How can AFRL's approach to personalized fairness be extended to other recommendation tasks beyond the ones explored in this paper

AFRL's approach to personalized fairness can be extended to other recommendation tasks by adapting the model architecture and training process to suit the specific requirements of different domains. For example, in e-commerce platforms, where user attributes like purchase history and browsing behavior are crucial, AFRL can be modified to incorporate these attributes into the fairness considerations. Additionally, in content recommendation systems, attributes such as genre preferences or content consumption habits can be integrated into the model to ensure personalized fairness in recommendations. By customizing the attribute-specific embeddings and debiased collaborative signals based on the unique characteristics of each recommendation task, AFRL can be applied to a wide range of domains beyond movie or ad recommendations.

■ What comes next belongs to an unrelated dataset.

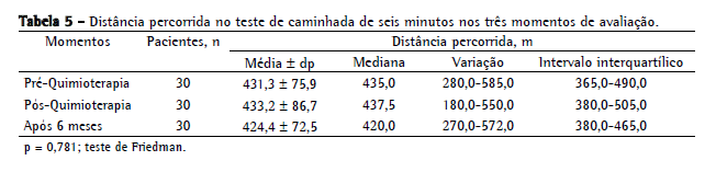 Quanto à variação da distância percorrida no TC6 na avaliação inicial, após a quimioterapia e seis meses após a primeira avaliação, essa foi de, respectivamente, 280-585 m (média ± dp = 431,5 ± 75,9 m), 180-550 m (média ± dp = 437 ± 79,6 m) e 280-585 m (média ± dp = 431,5 ± 74,1 m), salientando que um dos pacientes se recusou a realizar a avaliação final do TC6. Essas diferenças não foram estatisticamente significantes (p = 0,781; Tabela 5).
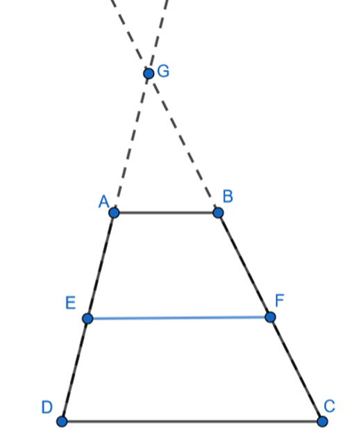 Udowodnij, że w trapezie niebędącym równoległobokiem odcinek łączący środki ramion trapezu jest równoległy do jego podstaw (rozpatrz kąt otrzymany przez przedłużenie ramion trapezu).

What are the potential limitations or drawbacks of AFRL's reliance on attribute-specific embeddings and debiased collaborative signals, and how could these be addressed in future work

One potential limitation of AFRL's reliance on attribute-specific embeddings and debiased collaborative signals is the risk of overfitting to the training data, especially when dealing with sparse or noisy attribute information. To address this, future work could explore techniques such as regularization or data augmentation to improve the generalization capabilities of the model. Additionally, the interpretability of the attribute-specific embeddings and collaborative signals could be enhanced to provide more insights into the fairness decisions made by the model. Moreover, the scalability of AFRL to large-scale datasets and real-time recommendation systems could be a challenge that needs to be addressed in future research.

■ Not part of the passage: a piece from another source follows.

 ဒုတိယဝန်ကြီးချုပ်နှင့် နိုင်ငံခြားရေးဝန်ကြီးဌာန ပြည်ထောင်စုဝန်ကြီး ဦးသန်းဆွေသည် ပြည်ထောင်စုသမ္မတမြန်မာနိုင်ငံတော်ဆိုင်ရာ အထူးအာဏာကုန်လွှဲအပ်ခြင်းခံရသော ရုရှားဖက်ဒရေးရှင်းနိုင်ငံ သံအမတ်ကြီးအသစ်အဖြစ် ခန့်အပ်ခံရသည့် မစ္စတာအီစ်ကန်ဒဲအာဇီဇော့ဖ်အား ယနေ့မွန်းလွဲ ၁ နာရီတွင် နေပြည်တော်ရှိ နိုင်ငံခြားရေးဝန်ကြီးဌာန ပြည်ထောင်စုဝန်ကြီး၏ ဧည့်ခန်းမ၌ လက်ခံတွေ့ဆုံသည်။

Given the importance of user privacy in recommendation systems, how could AFRL's framework be adapted to preserve user privacy while still achieving personalized fairness

To adapt AFRL's framework to preserve user privacy while achieving personalized fairness, several strategies can be employed. One approach is to incorporate privacy-preserving techniques such as differential privacy or federated learning into the model training process. By adding noise to the attribute-specific embeddings or collaborative signals, sensitive user information can be protected while still maintaining the fairness of recommendations. Another strategy is to implement user-controlled privacy settings, allowing users to specify the level of attribute exposure they are comfortable with when receiving personalized recommendations. By giving users more control over their data and privacy preferences, AFRL can strike a balance between personalized fairness and user privacy in recommendation systems.